By the time Aang is defrosted, the Fire Nation has conquered most of the world, and the kingdoms have all become paranoid and isolationist. Teaming up with 14-year-old Waterbender Katara (Kiawentiio) and her older brother Sokka (Ian Ousley), not to mention his sky bison Appa, Aang sets out to live up to the title of Avatar, complete his training, and liberate the world from fiery tyranny.

If this all sounds familiar, that’s because in its broad strokes, it’s the plot of every fantasy hero’s journey ever embarked upon. But don’t worry about that, since Avatar is an extremely distinguished variety of the formula, full of engaging characters, cool ideas, large-scale action, and a surprisingly dense world full of politics, history, and mythology.

You’d be forgiven for not realizing this, though, since the first episode of the Netflix show is a real mess, leaden with exposition and ropey-looking VFX, moving at such a rapid clip that it’s a genuinely disorienting introduction to the characters and the world. Some of these issues undeniably persist throughout all eight episodes, but not to the same extent. Once it settles down, Avatar: The Last Airbender is a much better show than early impressions suggest.

Through a medley of intriguing locations, from a frigid Arctic to a city built into a mountain to a razed forest full of spirits, the young characters get embroiled in one adventure after the next, learning plenty about themselves in the process. The young cast is imperfect, but always game, and the core group is pleasingly fleshed out as things go. Plenty of time is even spared for so-called villains like Zuko (Dallas Liu), a prince of the Fire Nation with daddy issues, and his uncle Iroh (Paul Sun-Hyung Lee), a wise general with a fearsome reputation.

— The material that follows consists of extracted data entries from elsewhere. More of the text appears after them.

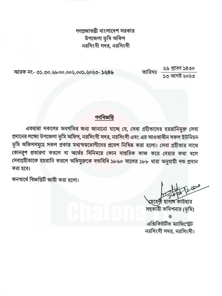 ভূমি সেবা গ্রহীতাদের দালাল ও হয়রানীমুক্তভাবে সেবা প্রদানের জন্য গণ বিজ্ঞপ্তি জারী করেছেন, নরসিংদী সদর উপজেলা সহকারী কমিশনার (ভূমি) মেহেদী হাসান কাউসার। নরসিংদী সদর উপজেলা সহকারী কমিশনার (ভূমি) মেহেদী হাসান কাউসার স্বাক্ষরিত বিজ্ঞপ্তিতে বলা হয়েছে, সদর উপজেলার অধীনস্থ সকল ভূমি অফিসে সকল প্রকার মধ্যস্বত্ত ভোগীদের প্রবেশ নিষিদ্ধ করা হলো। সেবা গ্রহীতার সাথে কোন প্রকার প্রতারণা ও অর্থের বিনিময়ে কোন দাপ্তরিক কাজ করে দেওয়ার কথা বলে হয়রানি করলে, অভিযুক্তকে ১৮৬০ সালের ১৮৮ ধারা অনুযায়ী দণ্ড প্রদান করা হবে।
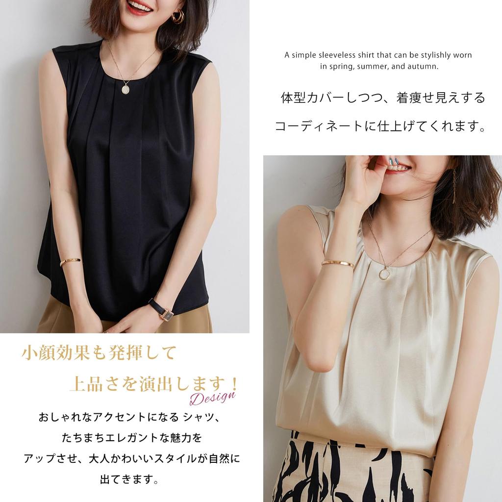 [A sleeveless blouse that's sure to be a hit this summer] Introducing a blouse perfect for sophisticated women! The overall style is simple and chic, with off-the-shoulder, sleeveless design that flatters the hands. The sleeveless design exposes just enough skin for a cool, summery look. This shirt adds a stylish accent, instantly elevating your elegant charm and creating a naturally cute, mature style.
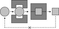 На входе в этот процесс мы имеем материал определенной формы, который проходит через воздействие пресса и потому теряет свою старую форму (то есть деформируется). На выходе этот материал имеет новую форму, которая соответствует конфигурации пресса. Для того чтобы процесс деформации успешно состоялся, необходима достаточная сила пресса и подходящие свойства материала. В противном случае материал не изменит свою форму (если пресс не достаточно мощный) или через некоторое время он может принять первоначальную форму. Для того, чтобы этого не случилось в некоторых производственных процессах используются различные способы закрепления полученной формы (например, обжиг при изготовлении керамических изделий), будем это так условно и называть.
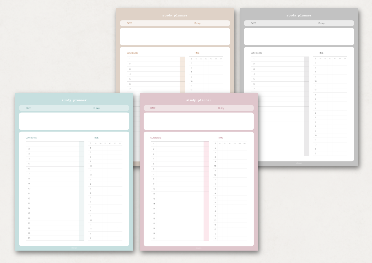 안녕하세요 도란입니다. 오늘은 파스텔톤의 굿노트 스터디플래너 4종을 가지고 왔습니다. 변화를 주면서도 깔끔하게 만들어보려고 노력했는데 나름 만족스럽게 나온 것 같아요. :) 앞으로 이 스타일로 여러 속지를 만들어보려고 합니다. ㅎㅎㅎ 여러분들도 유용하게 사용하셨으면 좋겠네요.
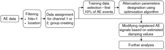 Reduced data, which fulfills location and hits limitations, are taken into investigation. Loading conditions in the material can change the attenuation properties due to crack development or fiber breakage, so the first 10% of reduced data were taken for the optimization procedure. Training data were grouped into sets of data based on whether they were registered by channel 1 or channel 2. To characterize the attenuation output of applied parameters for each iteration, the score was calculated using Equations (11) and (12). Designated attenuation parameters were used to modify the whole AE data for further analysis. The algorithm is presented in Figure 8. The reproducibility of the algorithm outcome was verified by running the optimization procedure 10 times. If the coefficient of variation were under 2% for the achieved results, the mean value was qualified as the correct solution.
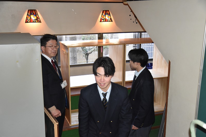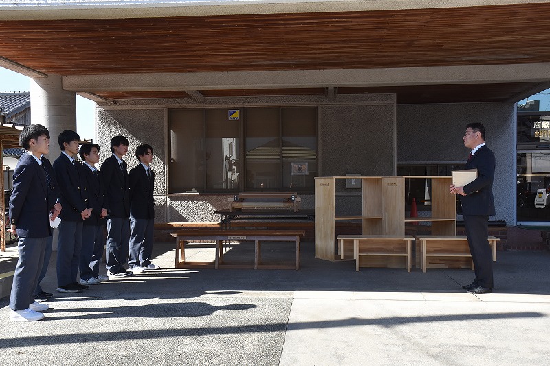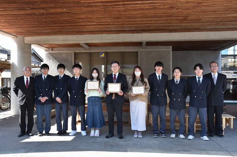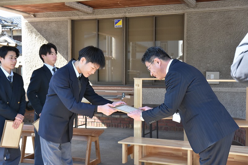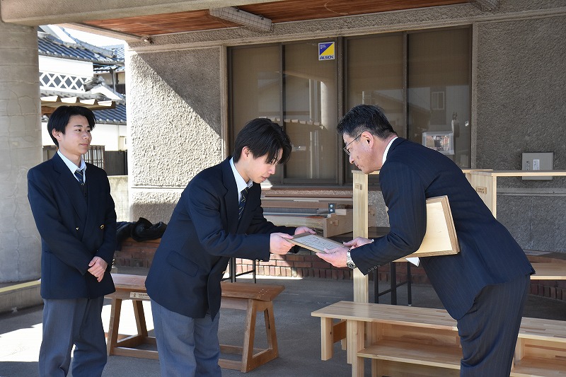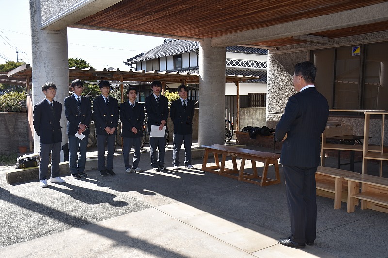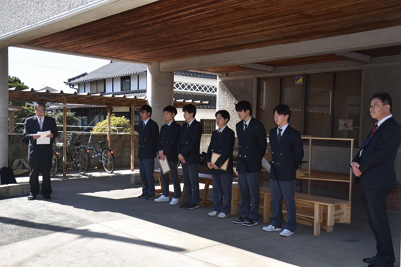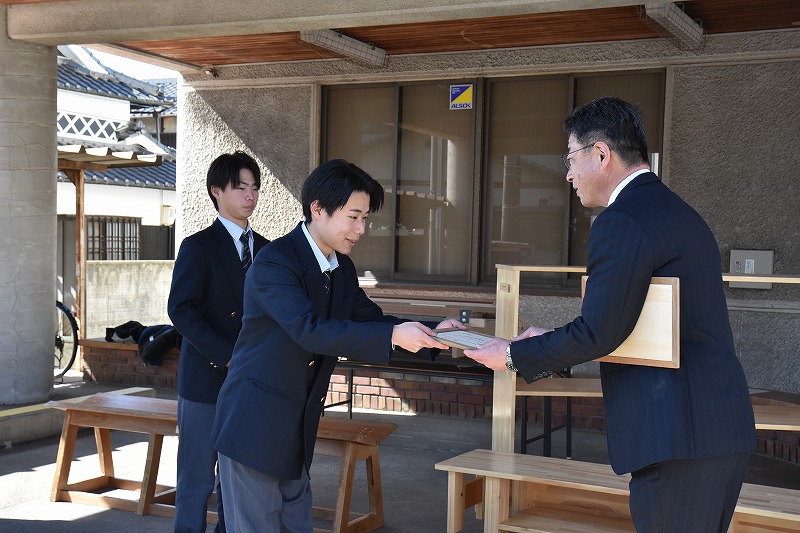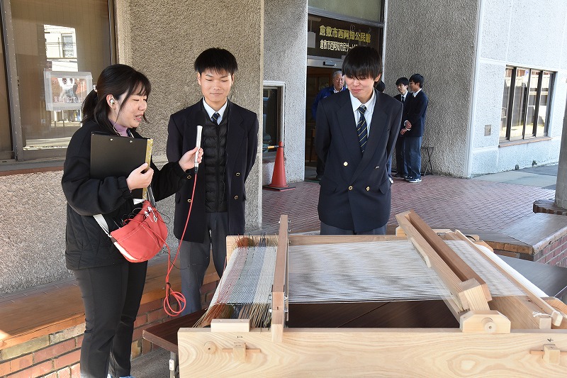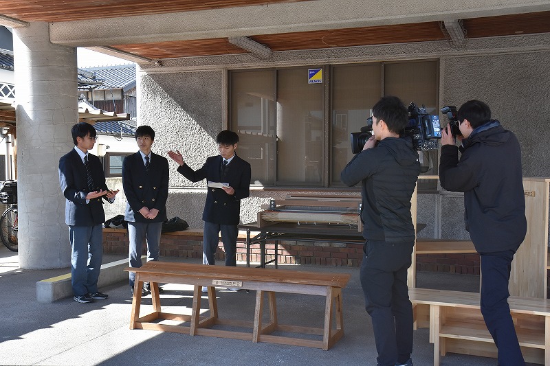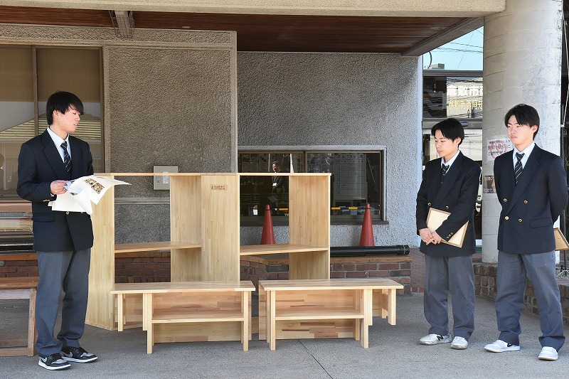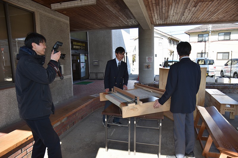 建築科では、地域をフィールドとして「ものづくり」による地域連携活動に取り組んでいます。今年度は、西阿知公民館と連携して公民館の利用者に使っていただく、い草を使った茣蓙(ござ)織機やベンチ、棚などの木工製品を3年生の課題研究(PBL型学習)の授業で製作しました。本日、西阿知公民館で贈呈式を行いました。その際には、山陽新聞、倉敷ケーブルテレビ、FMくらしきの取材もありました。

Almost everyone here is worth spending some time with, and reveal layers to their characters that are fun to peel off as we go.

In the meantime, well-choreographed action sequences keep the excitement high, with the elemental bending adding a slightly unique quality to the fisticuffs and excusing all manner of novel ideas. Some areas of the show don’t always look great and sometimes don’t even look finished, but the bending is reliably awesome to behold.

YouTube video

A flawed but worthwhile adaptation

I’m certain there will be long-time fans of the franchise who hate Avatar: The Last Airbender. It’s an unavoidable consequence of adapting such a beloved property. But the personable sparkle of the characters and the rich imagination of the world are preserved here, keeping that same fundamental appeal intact. Sure, it’s not as colorful, not as nuanced, and certainly not as well-paced, but the underlying essence of friends taking on the world is there. And it works.

For its boyish charms and impressive action, Avatar is well worth a look for everyone, even the naysayers. It isn’t perfect, and the first few episodes aren’t the best indicator of how good it’ll get down the line when the stakes are raised and you’ve come to care about the cast. But even though mileage will vary, it’s hard to fault Netflix’s efforts in bringing this story to a new audience, and even harder to imagine a future in which we don’t get more Avatar sooner rather than later.